### Requirement
Every line of the listing below must be printed again exactly, apart from its pictures.

### Data shown
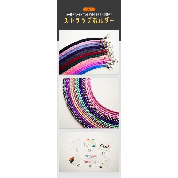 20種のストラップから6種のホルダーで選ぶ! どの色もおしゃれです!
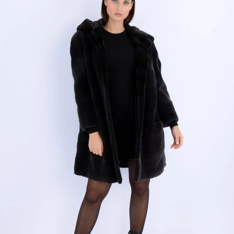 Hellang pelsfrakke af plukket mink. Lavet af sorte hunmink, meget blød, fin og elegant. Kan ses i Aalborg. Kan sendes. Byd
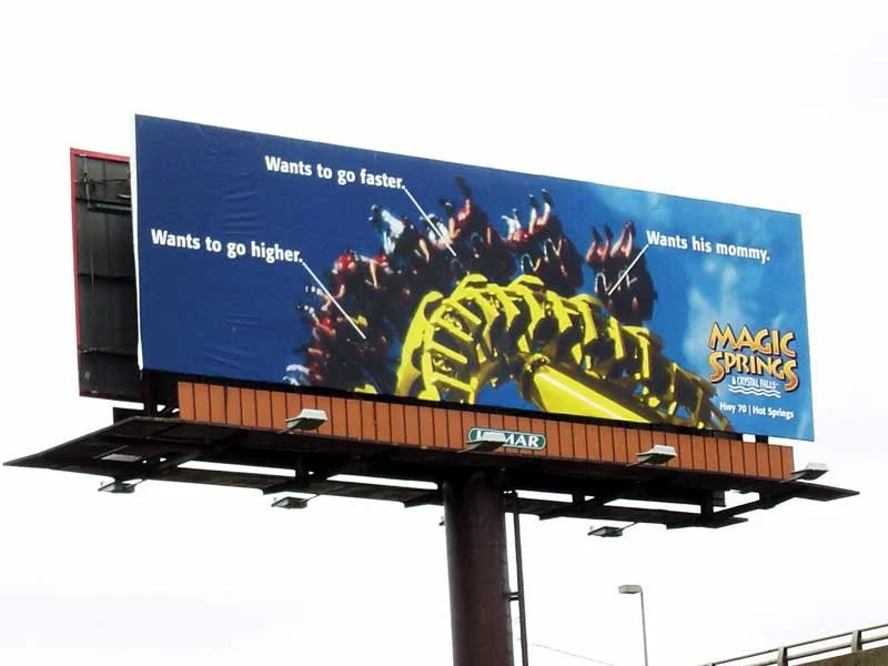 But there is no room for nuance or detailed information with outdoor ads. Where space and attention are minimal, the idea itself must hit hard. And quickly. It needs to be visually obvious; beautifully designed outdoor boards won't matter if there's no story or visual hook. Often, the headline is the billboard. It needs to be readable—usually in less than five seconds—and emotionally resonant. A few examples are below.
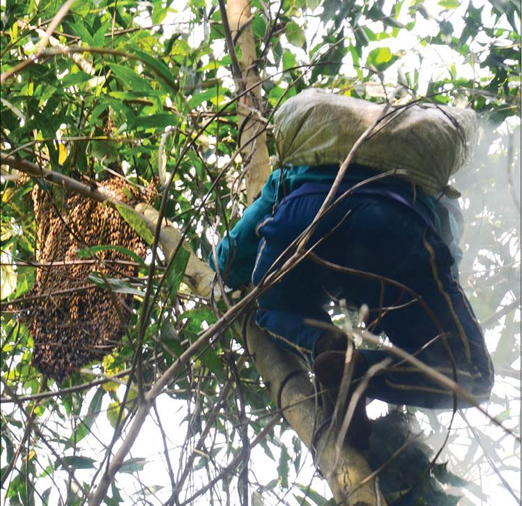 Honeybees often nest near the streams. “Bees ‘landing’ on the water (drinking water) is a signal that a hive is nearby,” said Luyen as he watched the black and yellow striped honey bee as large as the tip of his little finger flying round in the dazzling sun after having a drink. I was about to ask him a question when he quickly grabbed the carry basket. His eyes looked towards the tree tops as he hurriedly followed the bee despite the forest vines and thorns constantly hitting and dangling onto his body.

### Response area
 20種のストラップから6種のホルダーで選ぶ! どの色もおしゃれです!
 Hellang pelsfrakke af plukket mink. Lavet af sorte hunmink, meget blød, fin og elegant. Kan ses i Aalborg. Kan sendes. Byd
 But there is no room for nuance or detailed information with outdoor ads. Where space and attention are minimal, the idea itself must hit hard. And quickly. It needs to be visually obvious; beautifully designed outdoor boards won't matter if there's no story or visual hook. Often, the headline is the billboard. It needs to be readable—usually in less than five seconds—and emotionally resonant. A few examples are below.
 Honeybees often nest near the streams. “Bees ‘landing’ on the water (drinking water) is a signal that a hive is nearby,” said Luyen as he watched the black and yellow striped honey bee as large as the tip of his little finger flying round in the dazzling sun after having a drink. I was about to ask him a question when he quickly grabbed the carry basket. His eyes looked towards the tree tops as he hurriedly followed the bee despite the forest vines and thorns constantly hitting and dangling onto his body.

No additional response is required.